3 Shielding with systemd #
systemd has native support for the cpuset controller since SUSE Linux Enterprise Real Time 15 SP4. Shielding the sensitive workload can be achieved with the proper configuration of respective units. This is only supported with cgroup unified hierarchy (v2) and hence the shielded vs. unshielded division copies the structure of typical systemd cgroup tree.
3.1 Setup of the shield #
The general idea is to have one cpuset for the main sensitive workload
and a complementary cpuset for the supporting tasks.
Resources are distributed in the top-down fashion, so to ensure proper
allocation for the main workload we must take into consideration all the
top-level cgroups on the system.
systemd by default creates the following units:
init.scope
,
system.slice
,
user.slice
, and
machine.slice
.
We must configure all of these units not to stand in the way of our main workload.
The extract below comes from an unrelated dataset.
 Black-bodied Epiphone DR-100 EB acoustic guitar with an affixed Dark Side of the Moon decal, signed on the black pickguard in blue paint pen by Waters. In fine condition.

For instance with following drop-in file(s):
root #
cat /etc/systemd/system/init.scope.d/40-shielding.conf
[Scope]
AllowedCPUs=0-1
root #
cat /etc/systemd/system/system.slice.d/40-shielding.conf
[Slice]
AllowedCPUs=0-1
This way we constrain the supporting system workload just to the first two CPUs.
Finally, we create a dedicated slice for our sensitive workload with all the remaining system CPUs:
root #
cat /etc/systemd/system/workload.slice
[Slice]
AllowedCPUs=2-15
The setup can also be changed at runtime (for debugging reasons):
root #
systemctl set-property --runtime workload.slice AllowedCPUs=4-15root #
systemctl set-property --runtime init.scope AllowedCPUs=0-3root #
systemctl set-property --runtime system.slice AllowedCPUs=0-3
3.2 Running jobs in the shield #
When the workload.slice
is prepared according to the previous section, running the sensitive jobs is as simple as configuring their service into that slice.
root #
cat /etc/systemd/system/sensitive.service.d/40-shielding.conf
[Service]
Slice=workload.slice
Beware that the Slice=
directive only takes effect upon service (re)start.
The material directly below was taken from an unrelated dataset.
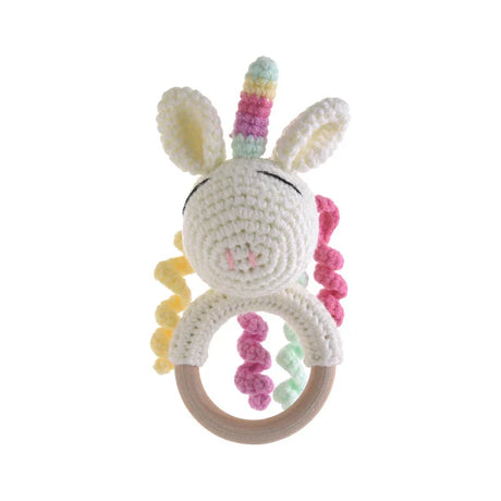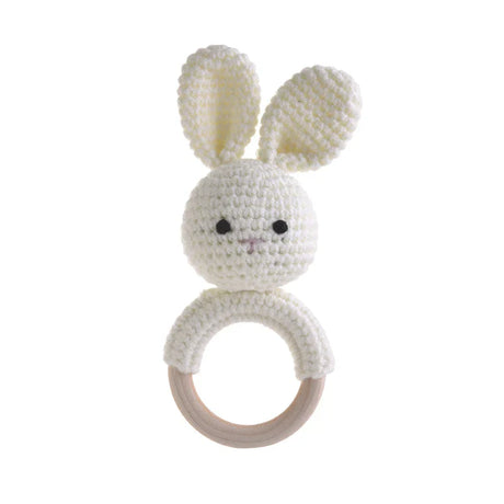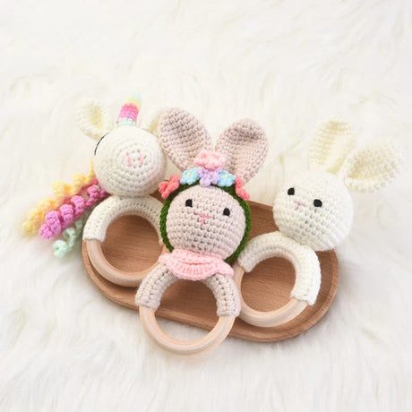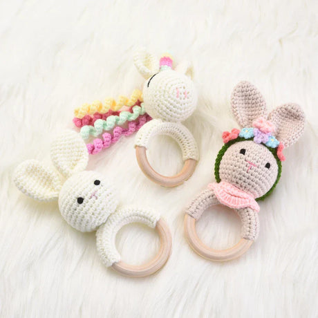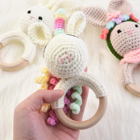 1Pcs Crochet Animal Rabbit Rattle Toy Baby Wooden

Should not the sensitive job have a form of a service but an ad-hoc command, you may start it in a systemd scope:
root #
systemd-run --scope -p Slice=workload.slice command arg1 ...
Existing processes cannot be moved under the shield since that would involve process migration between cgroups which would cause distortion of the accounting state. But sensitive workload should start with their resources secured in advance anyway.